Write out the entries exactly. None of the pictures should appear in the copy.

══════

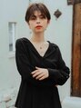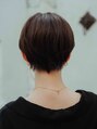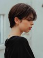 前髪に長さを残した大人っぽいショートヘアスタイル。幼い印象になってしまいやすいショートヘアスタイルを、落ち着いたカラーリングと目にかかるくらいの長さに調節した前髪で大人っぽい洗練された雰囲気を作っています。
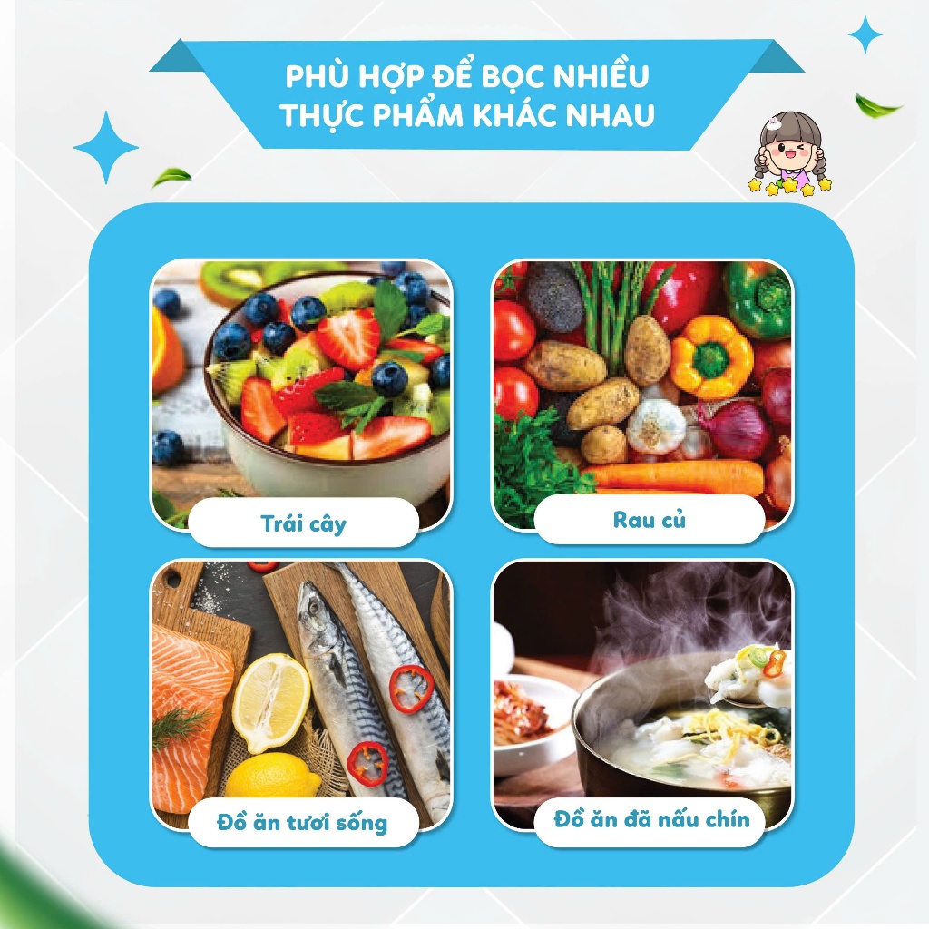 Chất liệu nhựa PE cao cấp dẻo dai Thiết kế thông minh với viền bo chun co giãn cực tốt. Dễ dàng bọc kín miệng các loại bát, tô, đĩa, hộp,... mà không cần kéo
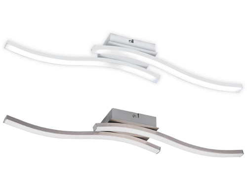 Plafoniera a 2 luci Led bianca, grado di protezione IP20. Struttura in plastica bianca e metallo, potenza 5 Watt â 2x600 lumen â 4000K. Dimensioni 56x9xH7 cm.. Metallo colore: Bianco opaco
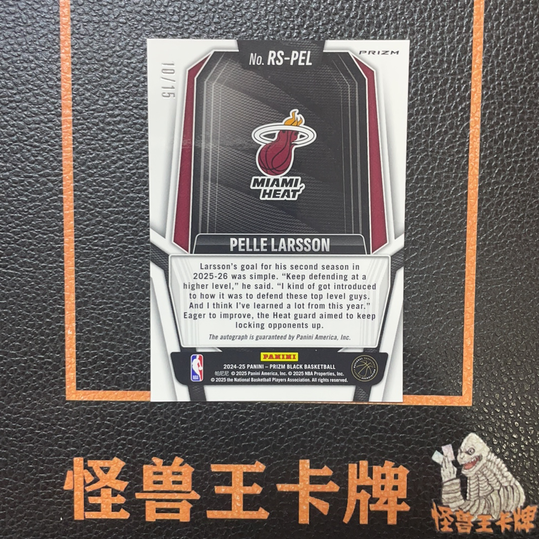 (怪兽拍卖) GSW-AA不死鸟 2024-25 Panini prizm black Pelle Larsson RC 热火 新秀 佩尔 拉尔森 10/15编 蛇皮折 签字
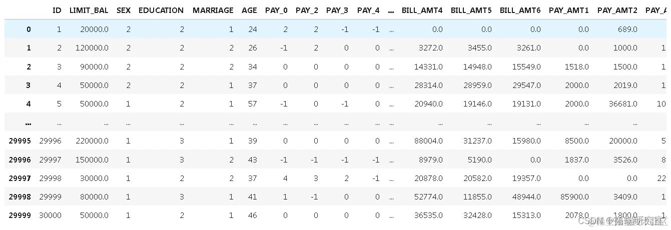7. PAY_0: 2005年9月的还款状态(-1 =正常付款,1 =延迟一个月的付款,2 =延迟两个月的付款,8 =延迟八个月的付款,9 =延迟9个月以上的付款)
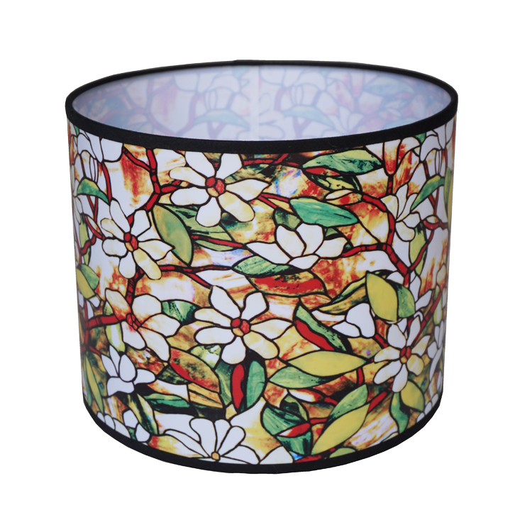 Handmade Round Hard Back Eco-Friendly Modern Design Indoor PVC Lamp Shade with Cylinder Flower Printing Powder-Coated Finish

══════

**WRITTEN RESPONSE**
 前髪に長さを残した大人っぽいショートヘアスタイル。幼い印象になってしまいやすいショートヘアスタイルを、落ち着いたカラーリングと目にかかるくらいの長さに調節した前髪で大人っぽい洗練された雰囲気を作っています。
 Chất liệu nhựa PE cao cấp dẻo dai Thiết kế thông minh với viền bo chun co giãn cực tốt. Dễ dàng bọc kín miệng các loại bát, tô, đĩa, hộp,... mà không cần kéo
 Plafoniera a 2 luci Led bianca, grado di protezione IP20. Struttura in plastica bianca e metallo, potenza 5 Watt â 2x600 lumen â 4000K. Dimensioni 56x9xH7 cm.. Metallo colore: Bianco opaco
 (怪兽拍卖) GSW-AA不死鸟 2024-25 Panini prizm black Pelle Larsson RC 热火 新秀 佩尔 拉尔森 10/15编 蛇皮折 签字
7. PAY_0: 2005年9月的还款状态(-1 =正常付款,1 =延迟一个月的付款,2 =延迟两个月的付款,8 =延迟八个月的付款,9 =延迟9个月以上的付款)
 Handmade Round Hard Back Eco-Friendly Modern Design Indoor PVC Lamp Shade with Cylinder Flower Printing Powder-Coated Finish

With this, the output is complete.